PROBLEM TO SOLVE:
Where a record contains a picture, omit the picture and repeat the rest exactly.

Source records
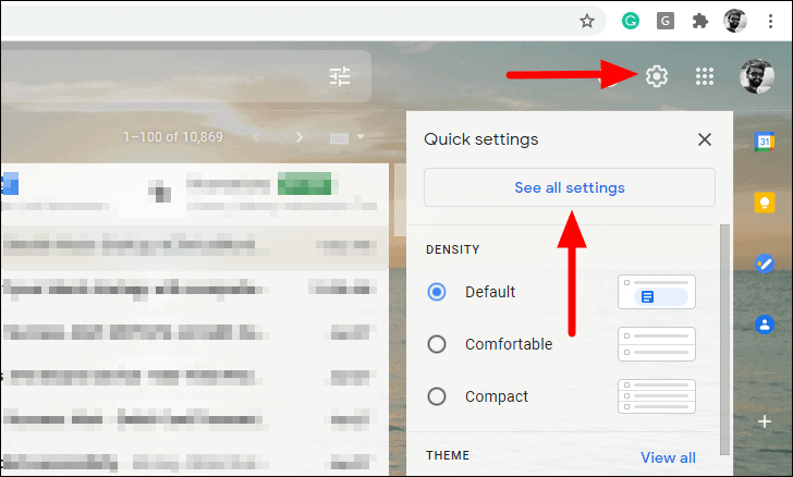 To check if you have set any filters, click on the ‘Settings’ icon near the top-right corner of Gmail, and then select ‘See all settings’ from the drop-down menu.
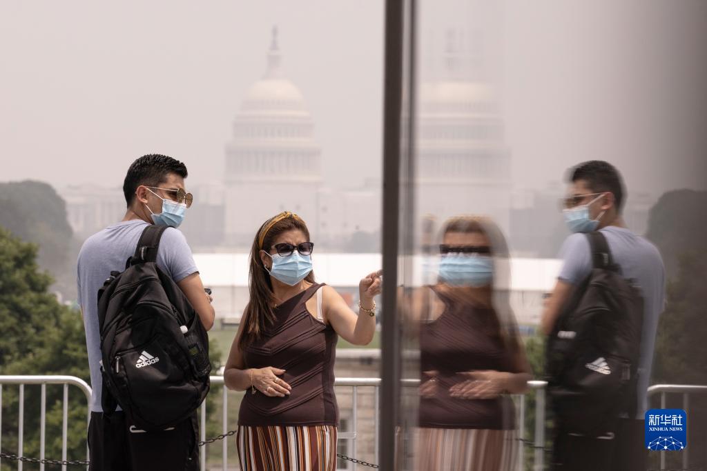 6月29日,在美國首都華盛頓,游客戴著口罩在華盛頓紀念碑游覽,遠處的國會大廈籠罩在煙霧中。
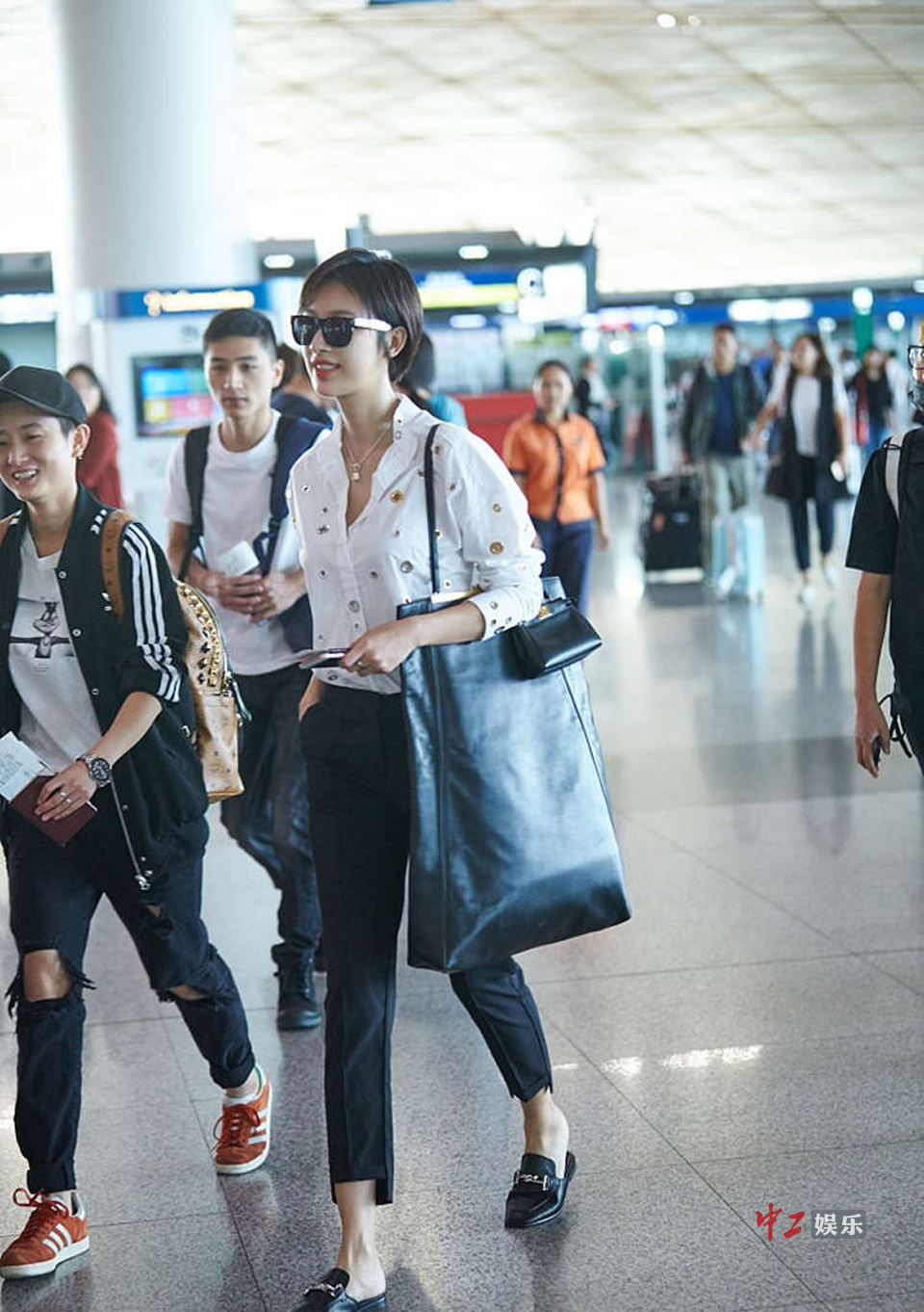 张俪现身机场,上身白色镂空衬衫,下身黑色九分裤搭配乐福鞋,简单休闲,随性十足,一个超大型号的包包尽显个人风格,造型满分。
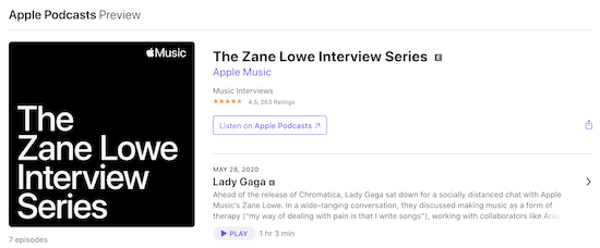 Podcasts sind dieser Tage mal wieder kräftig im Aufschwung. Ein Trend, der selbstverständlich auch Apple nicht entgangen ist. Also nutzt man die gestiegene Reichweite von Podcasts nun geschickt für eine interessante Kombination mit Apple Music. Unter dem Titel "The Zane Lowe Interview Series" steht so seit dieser Woche ein neuer Interview-Podcast zur Verfügung, in dem Beats 1 Chef-Moderator Zane Lowe verschiedenen Musikgrößen in Gesprächen auf den Zahn fühlt. Unter anderem mit dabei sind so namhafte Künstler wie Lady Gaga, Justin Bieber, Kanye West und viele mehr. Oftmals gehen die Interviews mit neuen Werken der Künstler einher. Diese plaudern gegenüber Lowe aber auch aus ihrem täglichen Leben oder über die Story hinter ihren Songs. Aktuell stehen bereits sieben Episoden des Podcasts zur Verfügung. Weitere sollen kontinuierlich ergänzt werden.
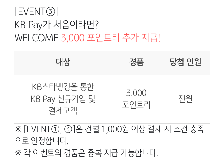 3. KB Pay가 처음이면 3,000포인트리 추가로 지급된다고 하네요.
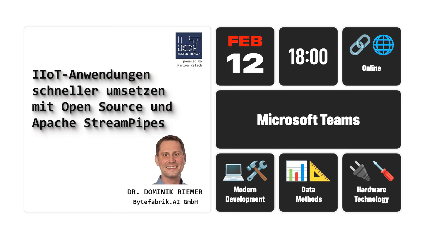 Die Teilnehmenden erfahren, wie sich mit frei verfügbarer Open-Source-Software in kurzer Zeit mehrwertbringende IIoT-Anwendungen und Datenanalysen entwickeln lassen und erhalten zudem einen Überblick über die Open-Source-Landschaft der Apache Software Foundation im Bereich des Industrial Internet of Things.

RESULT FOR THIS TASK:
 To check if you have set any filters, click on the ‘Settings’ icon near the top-right corner of Gmail, and then select ‘See all settings’ from the drop-down menu.
 6月29日,在美國首都華盛頓,游客戴著口罩在華盛頓紀念碑游覽,遠處的國會大廈籠罩在煙霧中。
 张俪现身机场,上身白色镂空衬衫,下身黑色九分裤搭配乐福鞋,简单休闲,随性十足,一个超大型号的包包尽显个人风格,造型满分。
 Podcasts sind dieser Tage mal wieder kräftig im Aufschwung. Ein Trend, der selbstverständlich auch Apple nicht entgangen ist. Also nutzt man die gestiegene Reichweite von Podcasts nun geschickt für eine interessante Kombination mit Apple Music. Unter dem Titel "The Zane Lowe Interview Series" steht so seit dieser Woche ein neuer Interview-Podcast zur Verfügung, in dem Beats 1 Chef-Moderator Zane Lowe verschiedenen Musikgrößen in Gesprächen auf den Zahn fühlt. Unter anderem mit dabei sind so namhafte Künstler wie Lady Gaga, Justin Bieber, Kanye West und viele mehr. Oftmals gehen die Interviews mit neuen Werken der Künstler einher. Diese plaudern gegenüber Lowe aber auch aus ihrem täglichen Leben oder über die Story hinter ihren Songs. Aktuell stehen bereits sieben Episoden des Podcasts zur Verfügung. Weitere sollen kontinuierlich ergänzt werden.
 3. KB Pay가 처음이면 3,000포인트리 추가로 지급된다고 하네요.
 Die Teilnehmenden erfahren, wie sich mit frei verfügbarer Open-Source-Software in kurzer Zeit mehrwertbringende IIoT-Anwendungen und Datenanalysen entwickeln lassen und erhalten zudem einen Überblick über die Open-Source-Landschaft der Apache Software Foundation im Bereich des Industrial Internet of Things.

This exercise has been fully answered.